I thought never to write again, and for several moons I did not. But it is now the moon which at its ends means we will plant, and tonight J came to my house in the night.

He came quietly and commanded Sara and me to wake no one. This is what he said: Kapock, I come to see what has happened while I was in the Star Tower . But I do not want the others to know I came, for they must expect me only in the harvest moon, and not look for me at other times.

And so Sara and I promised.

Then J read all we had written. He cried twice. Once when he read what Sara wrote about J himself, and once at the end of it when I wrote. He said to me: Oh Kapock, you have done wisely, not foolishly. It was a hard choice and no one could have done better, not even me.

But I said, You could have done better, for you see into men's hearts and you would have known that Linkeree planned to burn the house, and that Hux planned to take it away from him.

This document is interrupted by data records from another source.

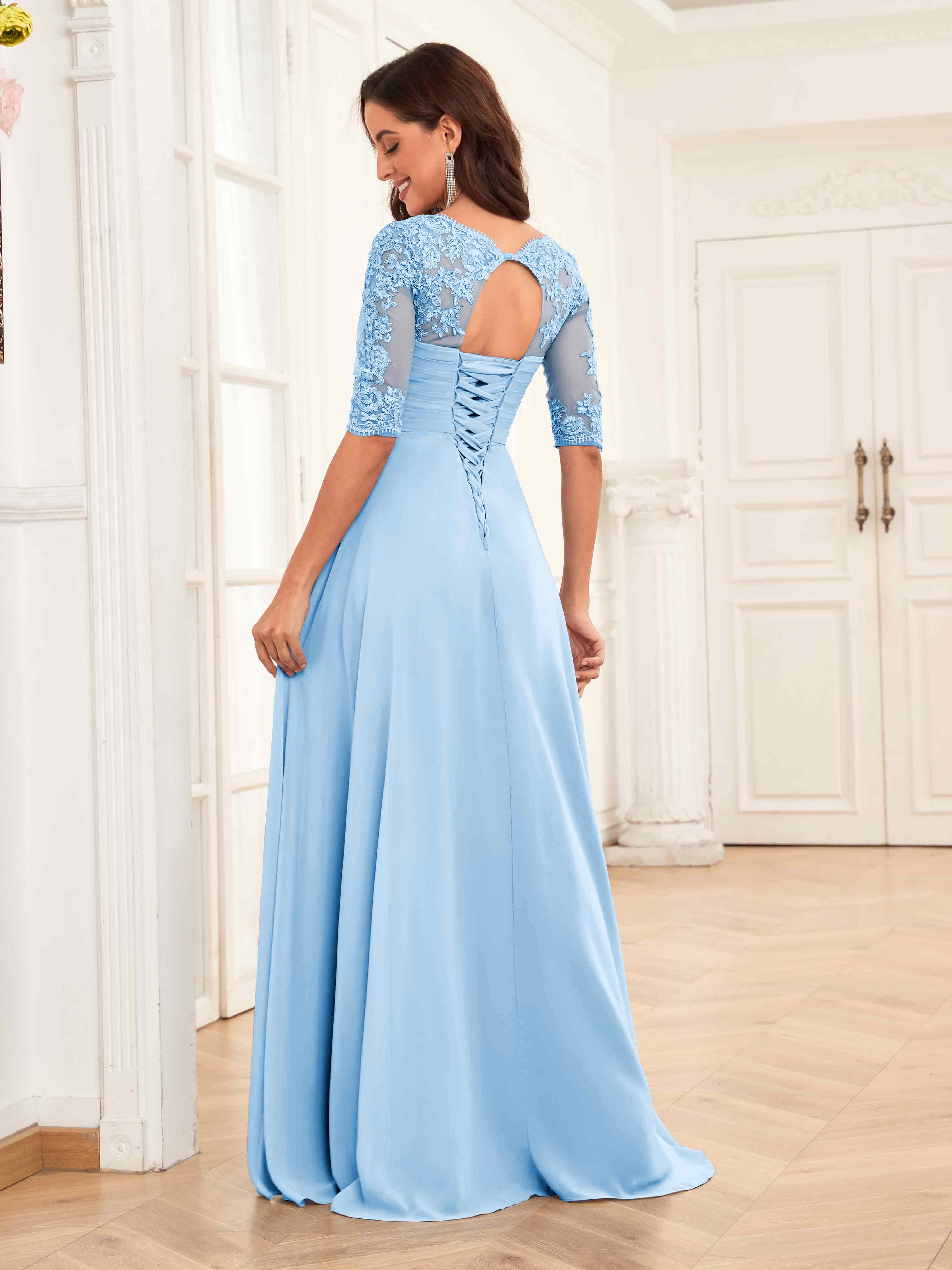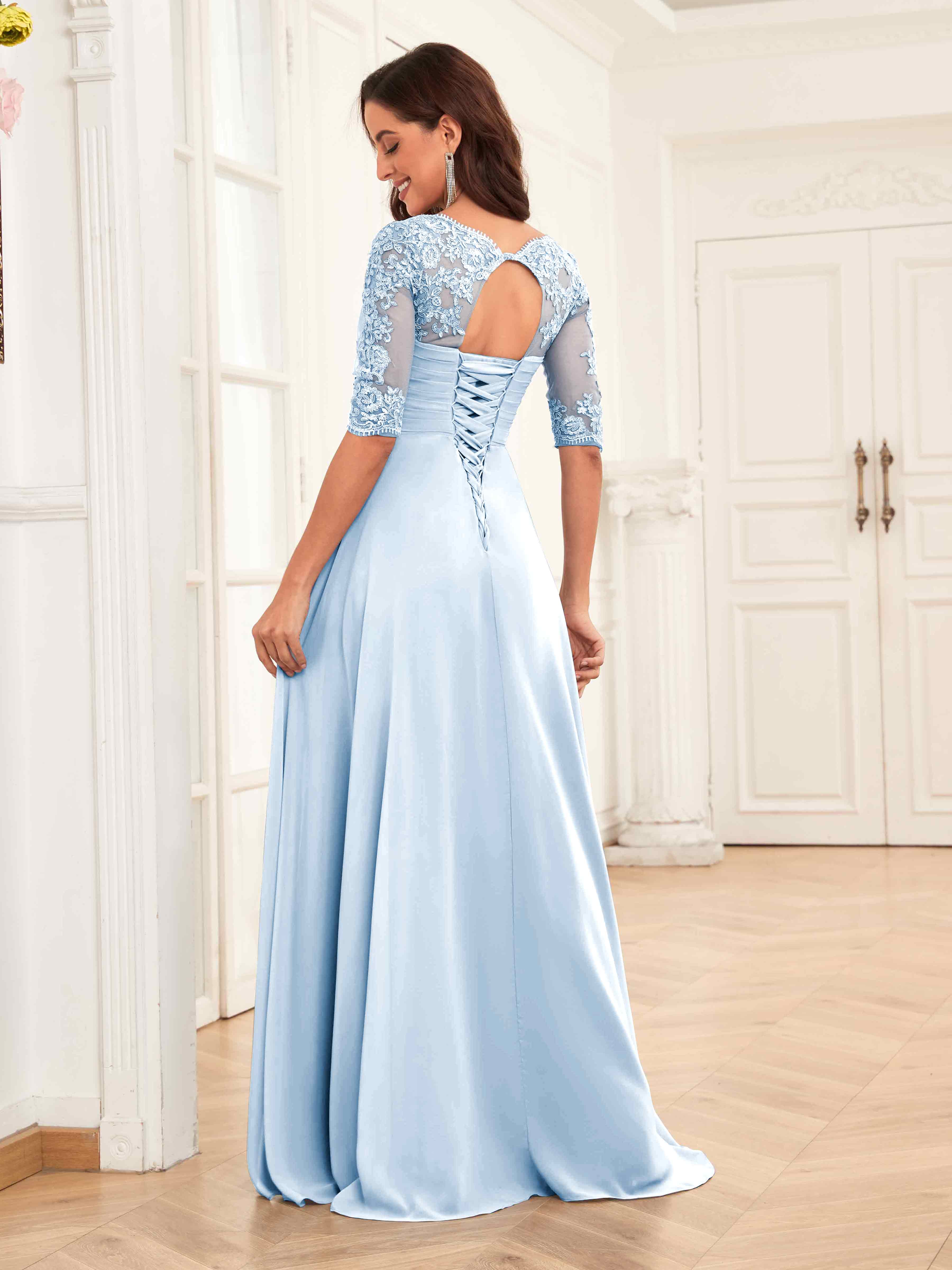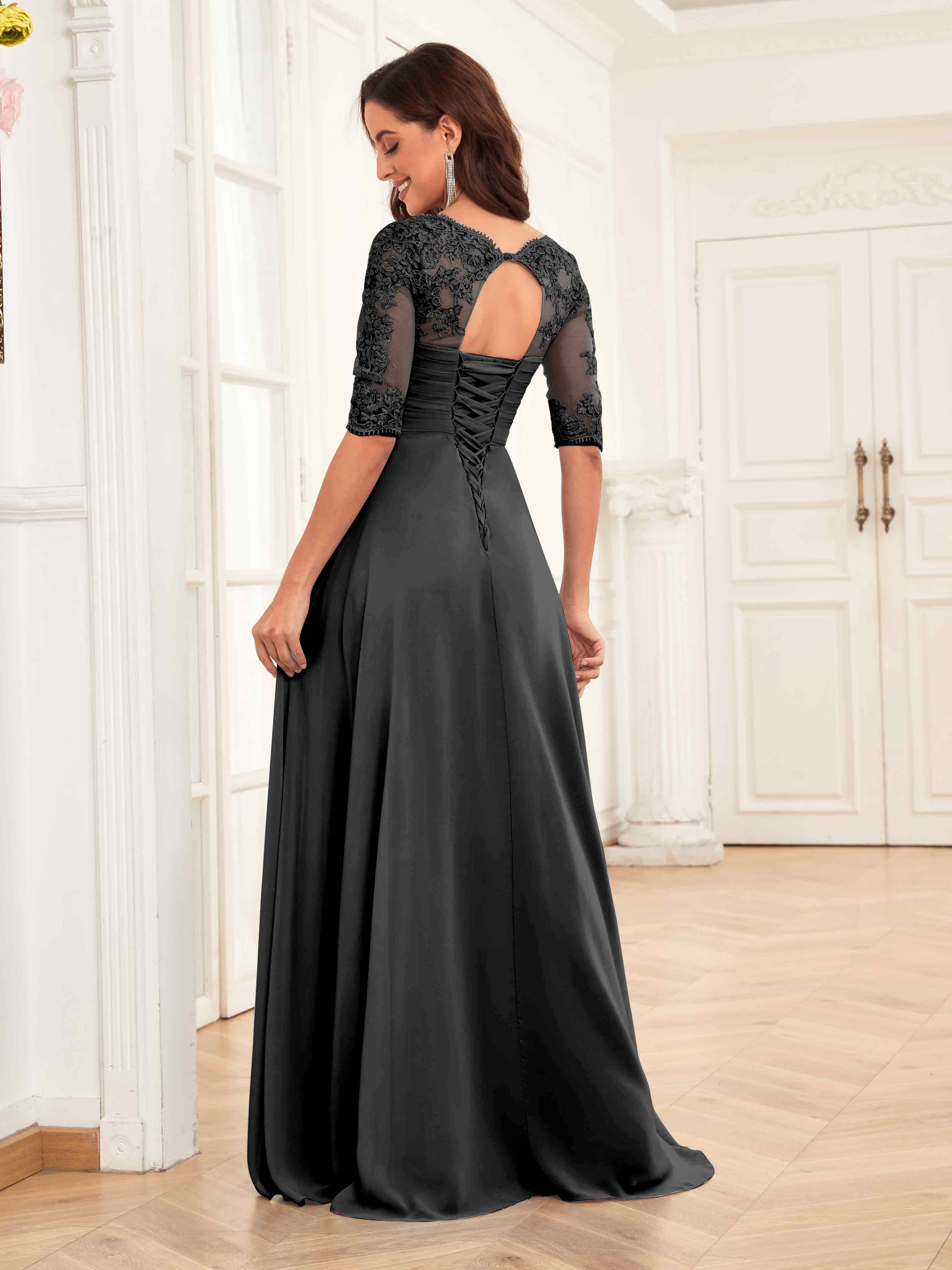 Offrez-vous le luxe avec nos luxueuses robes de mère de la mariée en dentelle à demi-manches chérie. Ces robes exquises sont conçues pour vous faire sentir comme des rois lors de la journée spéciale de votre fille. Le décolleté en cœur et les demi-manches délicates créent un look romantique et élégant.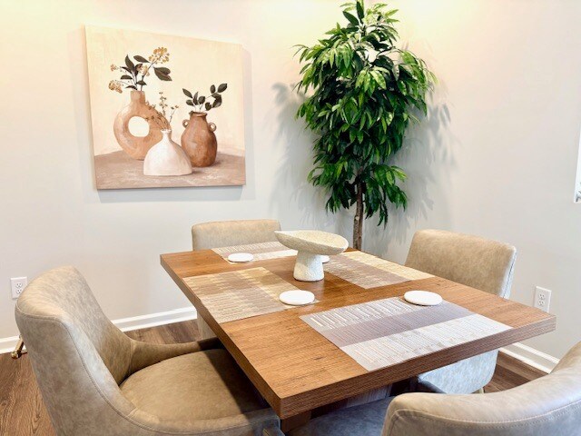 FULLY FURNISHED BRAND-NEW three-story luxury townhome offering flexible lease terms in a prime Apex / Holly Springs location, with ALL UTILITIES INCLUDED. Thoughtfully upgraded throughout and designed for modern living, this turn-key home is ideal for professionals, relocations, and extended stays. The top level features two spacious bedrooms, each with its own private en-suite bathroom and walk-in closet, plus a conveniently located laundry room with washer and dryer. The luxe owner's suite includes a large 65" Smart TV and serene wooded views, creating a peaceful retreat. On the second floor, enjoy an open-concept Great Room with another 65" Smart TV, a fully upgraded chef's kitchen with oversized island, and a dining area arranged in a modern layout that flows effortlessly for everyday living or entertaining. A convenient half bath is also located on this level. Step outside to the walk-out deck overlooking lush, landscaped wooded views. 1st floor encompasses a third bedroom suite, offering an exceptional level of comfort and privacy. It features a full bath, walk-in closet, a large 65" Smart TV, and a private back door that opens up to the serene wooded backyard. Nestled between the towns of Apex and Holly Springs, this home is perfectly situated for personal or professional stays. Convenient to UNC Holly Springs, and major pharmaceutical and IT hubs including Amgen, FUJIFILM Diosynth, and other life-science campuses. Enjoy close proximity to major shopping, supermarkets, restaurants, top-rated schools, universities, recreational facilities, greenway trails, and both Harris and Jordan Lakes. Easy access to RDU Airport (approx. 20 minutes) and quick connections to Raleigh, Durham, Chapel Hill, Cary, Holly Springs, and Fuquay-Varina. Community amenities include a resort-style amenity center with seasonal outdoor pool and splash zone, fitness center, tot lot, volleyball court, sports court, and fire pit and more. Included in rent: Fully furnished Utilities High-speed internet HOA Dues EV charging 1-car garage, driveway + street parking Minimum 90-day lease. Flexible terms available. Ideal for professionals, corporate relocations, and extended stays. More pics coming soon. Being newly furnished. Owner pays for all utilities (electric, gas, water & trash pick up), HOA, dues & HI speed WiFi. EV charging fee $50/month additional (negotiable) ABSOLUTELY NO SMOKING/VAPING on premise! Please respect quiet time!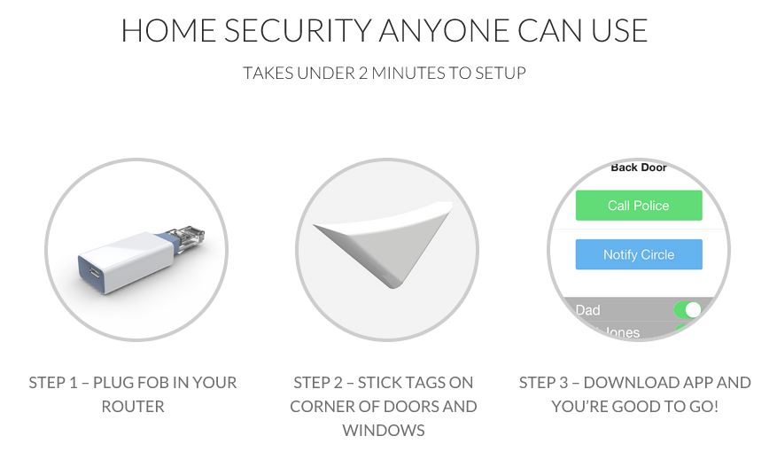 Korner se sastoji od svega dva dela: mrežnog adaptera zvanog Fob koji se priključuje na kućni ruter i ugaonog elementa sa senzorima koji se kače (lepe) na uglove vrata i prozora.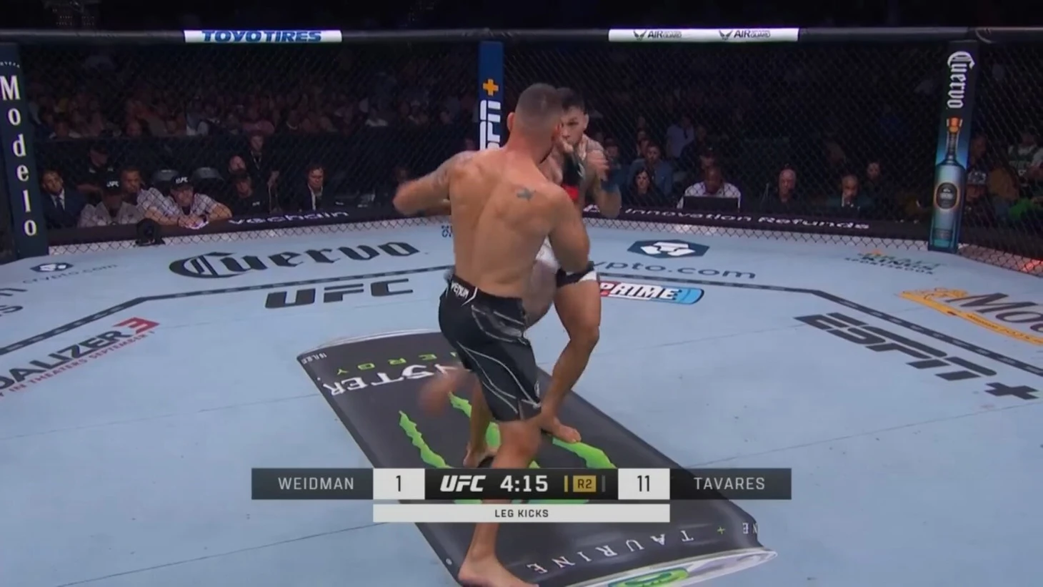 Ключевой проблемой Вайдмана стала стойка – он слишком сильно опирался на левую ногу из-за боязни получить рецидив травмы на правой ноге. Такая стойка Тавареса позволяла атаковать переднюю ногу. Он ей отлично воспользовался, пробив за поединок 45 лоу-киков. Один из них привел к разрыву крестообразных связок колена Вайдмана.

And J said to me: That is true. But my power is not the power of a man, and you did all that a man could do.

And you, too, Sara, he said. You did wisely and well, and I will say the same punishment on Hux that you said, for there is nothing a man can do that is worse than what Hux did, which is to make another man do your will by striking him without thought for his life. And if a man kills another man, or a woman kills, either one, then the man or woman who has killed man or woman, he will also be killed.

And who will kill him? Sara asked.

All the people will kill him, Jason answered. This is an ugly thing, but it is the only way to keep a strong man from killing the weak who will not do his way.

I will never do it, Sara said.

But others will, J said. And I thought he looked sad as he said it.

Then J went out of the house and took me with him. The moon was not full, but it still was bright and so were the stars, and we could see for a long way. We could see even the mountains to the south, which are so far that we could never go to them.

J said to me, All of this that you can see, it is not even the hundredth part of the world.

I asked him what is the world.

He said to me, The world is round like a berry and we stand on its face. And it flies through the air.

I said to him, Is this why there is wind?

But he looked sad and said, No Kapock, for we move with it and do not feel its motion. But this I did not understand, for how can a thing move and not know that he moves?

But I asked him a question because he seemed to be ready to answer questions, and I asked him a question I had thought of often.

I asked him Who makes all these things? When you bring the Ice People from the Star Tower every year at harvest time and we feed them and teach them to walk and talk, where do they come from? And who made the Star Tower ? And the forests? For I know who made the houses and the fields, for I make them myself. And I know who makes the children and the new lambs and the calf oxen, but I do not know what makes the Ice People.